Response of IIMs patients to low-dose IL-2 treatment.
| Characteristics | Non-treated | Treated |
|
|---|---|---|---|
| IMACS DOI, n (%) | – | 12 (92.31) | – |
| CSM | |||
| PhGA-VAS, median (range) | 6 (5, 7) | 3 (2, 4) | 0.001*** |
| PGA-VAS, median (range) | 6(5, 6.5) | 3 (2, 4) | 0.001*** |
| MMT-8 (0-150), median (range) | 146 (136, 150) | 150 (141, 150) | 0.018* |
| HAQ-DI (1-3), median (range) | 0.3 (0, 1) | 0.3 (0, 1) | 0.18 |
| Extra muscular disease, VAS (0-10) | 5 (4, 6) | 2 (1.13, 3.75) | 0.002** |
| ALT, median (range) | 22 (13, 36) | 15.5 (10.75, 22) | 0.037* |
| AST, median (range) | 25 (20.5, 44) | 15.5 (12.5, 28.75) | 0.013* |
| LDH, median (range) | 246 (207, 346) | 225 (179, 327.25) | 0.158 |
| CK, median (range) | 218 (39.5, 271) | 50.5 (26, 179.5) | 0.071 |
| CDASI-a (0-100), median (range) | 12 (5, 14.5) | 3 (0, 5.5) | 0.001** |
| CDASI-d (0-32), median (range) | 1 (0, 2) | 0 (0, 1.5) | 0.034* |
| Fatigue-VAS (0-10), median (range) | 4 (2, 6.75) | 3 (2, 4.75) | 0.018* |
| Rash, n (%) | 12 (92.31) | 6 (46.15) | 0.011* |
| Mechanic hands, n (%) | 4 (30.77) | 2 (15.38) | 0.348 |
| Heliotrope rash, n (%) | 8 (61.54) | 3 (23.08) | 0.047* |
| Gottron’s sign/papules, n (%) | 8 (61.54) | 3 (23.08) | 0.047* |
| V sign, n (%) | 4 (30.77) | 1 (7.69) | 0.135 |
| Shawl sign, n (%) | 2 (15.38) | 1 (7.69) | 0.539 |
| Periungual erythema, n (%) | 8 (61.54) | 0 (0) | 0.001*** |
| Arthritis, n(%) | 2 (15.38) | 1 (7.69) | 0.539 |
| ILD, n (%) | 11 (84.62) | 11 (84.62) | >0.99 |
| Malignancy, n (%) | 0 (0) | 0 (0) | >0.99 |
| ESR, median (range) | 14 (10.5, 29.5) | 17.5 (8, 29) | 0.875 |
| CRP, median (range) | 2.15 (0.5, 20.62) | 1.45 (0.13, 10.85) | 0.345 |
| C3, median (range) | 0.86 (0.77, 1.13) | 1.05 (0.91, 1.44) | 0.009** |
| C4, median (range) | 0.19 (0.16, 0.26) | 0.25 (0.19, 0.31) | 0.008** |
| Treg, (% in CD4 T) | 9.89 (6.02, 11.8) | 15.9 (7.73, 19.4) | 0.015* |
| Teff, (% in CD4 T) | 89.6 (86.95, 93.45) | 83.5 (80.18, 92.08) | 0.028* |
| Treg/Teff | 0.11 (0.06, 0.14) | 0.11 (0.06, 0.14) | 0.015* |
Data are presented as median (IQR), mean ± Std or n (%). IIMs, idiopathic inflammatory myopathies; IMACS DOI, International Myositis Assessment and Clinical Studies (IMACS) definition of improvement (DOI); PhGA, physician’s global assessment of disease; VAS, visual analog scale; PGA, patient’s global assessment of disease; MMT-8, Manual Muscle Test-8; HAQ-DI, the health assessment questionnaire disability index; ALT, alanine transaminase; AST, aspartate transaminase; LDH, lactate dehydrogenase; CK, creatinine kinase; CDASI-a, Cutaneous Dermatomyositis Disease Area and Severity Index Activity Score; CDASI-d, Cutaneous Dermatomyositis Disease Area and Severity Index Damage Score; MDAAT, Myositis disease activity assessment tool; ILD, interstitial lung disease; ESR, erythrocyte sedimentation rate; CRP, C-reactive protein; C3, complement 3; C4, complement 4; Treg, regulatory T cell; Teff, effector T cell (*P<0.05; **P<0.01 and ***P<0.001).

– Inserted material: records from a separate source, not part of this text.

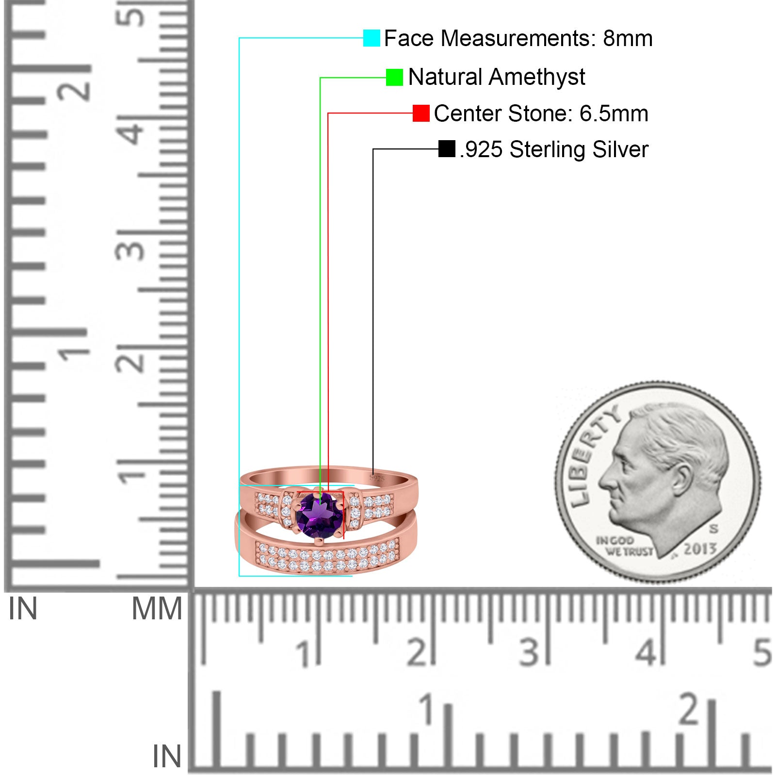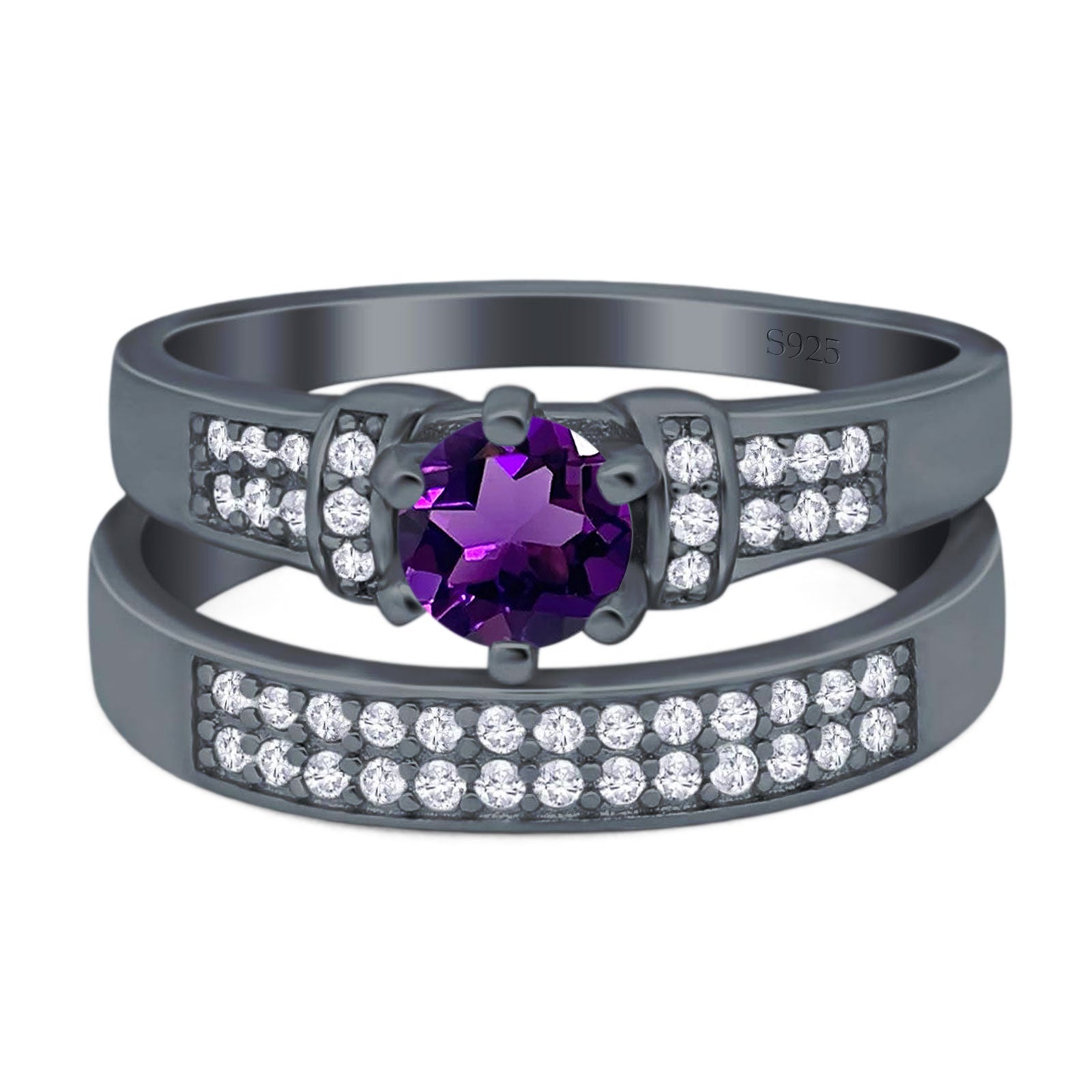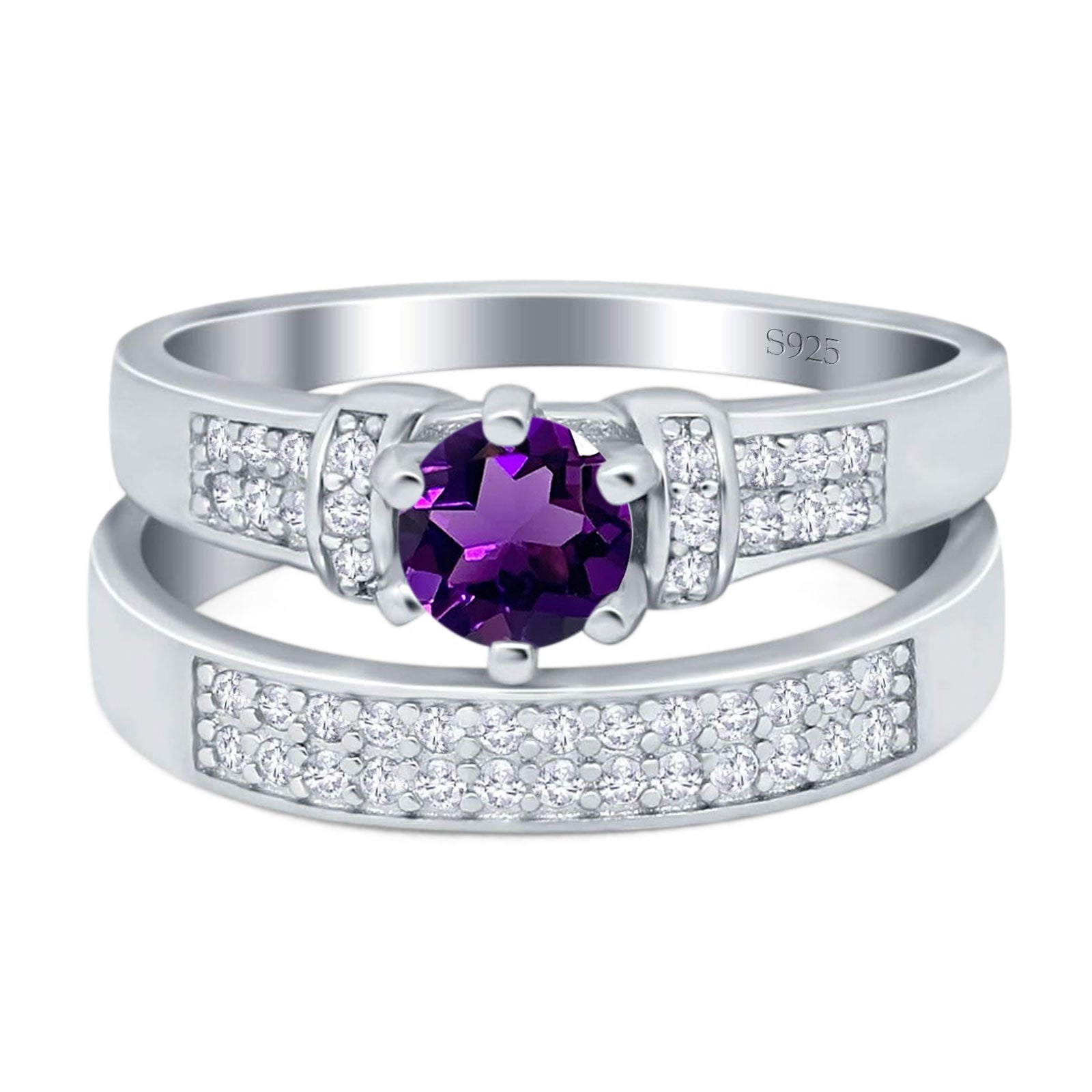 Two Piece Round Natural Amethyst Cluster Bridal Ring 925 Sterling Silver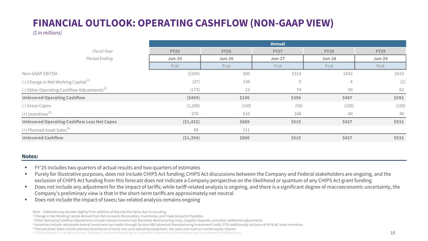 © 2025 Wolfspeed, Inc. All rights reserved. Wolfspeed® and the Wolfspeed logo are registered trademarks and the Wolfspeed logo is a trademark of Wolfspeed, Inc. 17 Annual Fiscal Year FY25 FY26 FY27 FY28 FY29 Period Ending Jun-25 Jun-26 Jun-27 Jun-28 Jun-29 Fcst Fcst Fcst Fcst Fcst NCF $146 $14 $- $- $- (+) MVF 265 586 675 850 1,000 Power Revenue $410 $600 $675 $850 $1,000 (+) Materials Revenue 345 250 325 400 450 Total Revenue $756 $850 $1,000 $1,250 $1,450 (-) COGS (740) (831) (722) (824) (904) Gross Profit $16 $19 $278 $426 $547 (-) Start Up Costs (88) - - - - (-) Other Opex(1) (331) (235) (260) (290) (310) EBIT ($403) ($216) $18 $136 $237 (+) Non-GAAP Depreciation & Amort. 199 296 296 296 296 Non-GAAP EBITDA ($204) $80 $314 $432 $533 Margins Gross Margin (Non-GAAP) 2.1% 2.2% 27.8% 34.1% 37.7% EBITDA (Non-GAAP) (27.0%) 9.4% 31.4% 34.6% 36.7% FINANCIAL OUTLOOK: INCOME STATEMENT (NON-GAAP VIEW) ($ in millions) Note – Subtotals may deviate slightly from addition of discrete line items due to rounding 1 Other Opex includes R&D, SG&A, and other additional operating expenses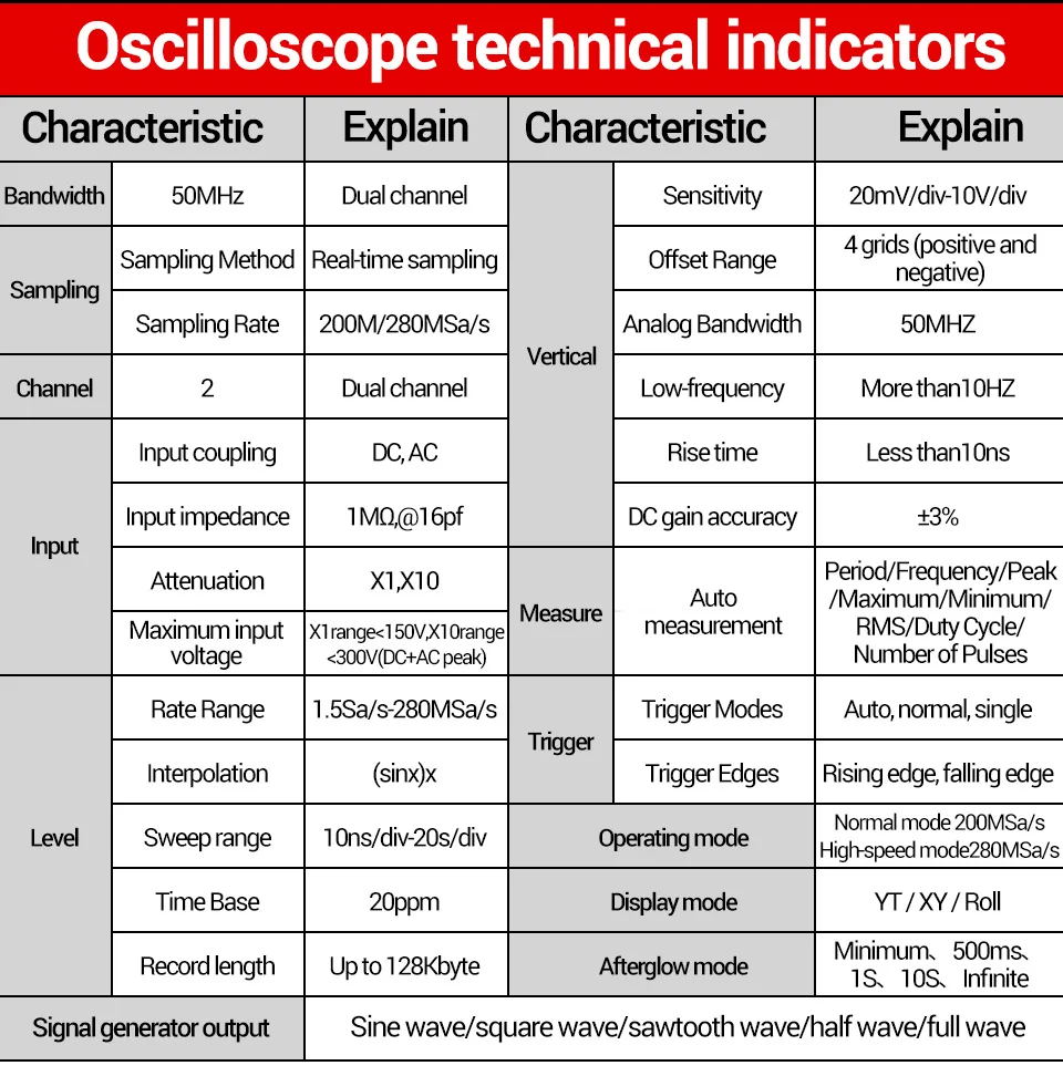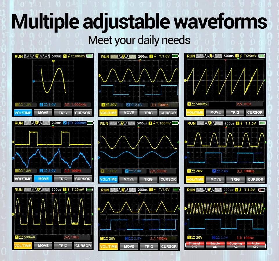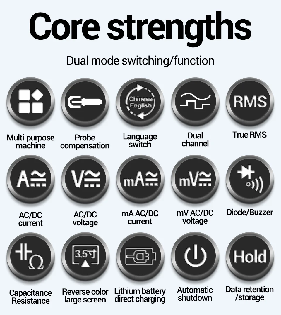 Este osciloscopio portátil adopta un proceso de moldeo por inyección dual, que presenta una apariencia hermosa, tamaño compacto, portabilidad conveniente y operación flexible.La pantalla utiliza un 3.Pantalla a color IPS de vista completa de 5 pulgadas, con una pantalla de multímetro de un osciloscopio, un generador de señal y un multímetro en un dispositivo tres en uno.Con un rendimiento superior y una funcionalidad potente, se puede utilizar en varios escenarios de medición, satisfaciendo una amplia gama de necesidades de medición del usuario.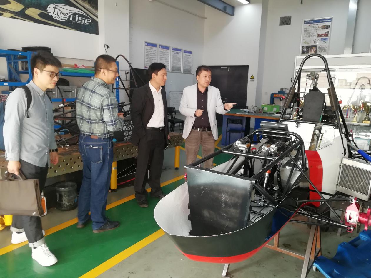 会前,袁斌一行来到学院车队、机器人实验室等大学生科创基地进行参观。

Figure 4The effects of low-dose IL-2 on regulating gut microbiota composition and function in IIMs patients. (A) The α-diversity is measured by reads, chao1, richness, Shannon_e, and equitability indexes. (B) The β-diversity measured using the Adonis test by conditioned constrained principal coordinate analysis (CPCoA). (C) Significant differences of bacteria between the two groups at the family level. (D) The online PICRUSt2 was performed to analyze the bacteria-associated signaling pathways. Presenting signaling pathways were enriched depending on the KEGG database. Data visualization was performed using the R software (version 4.0.3) with the ggplot2 package.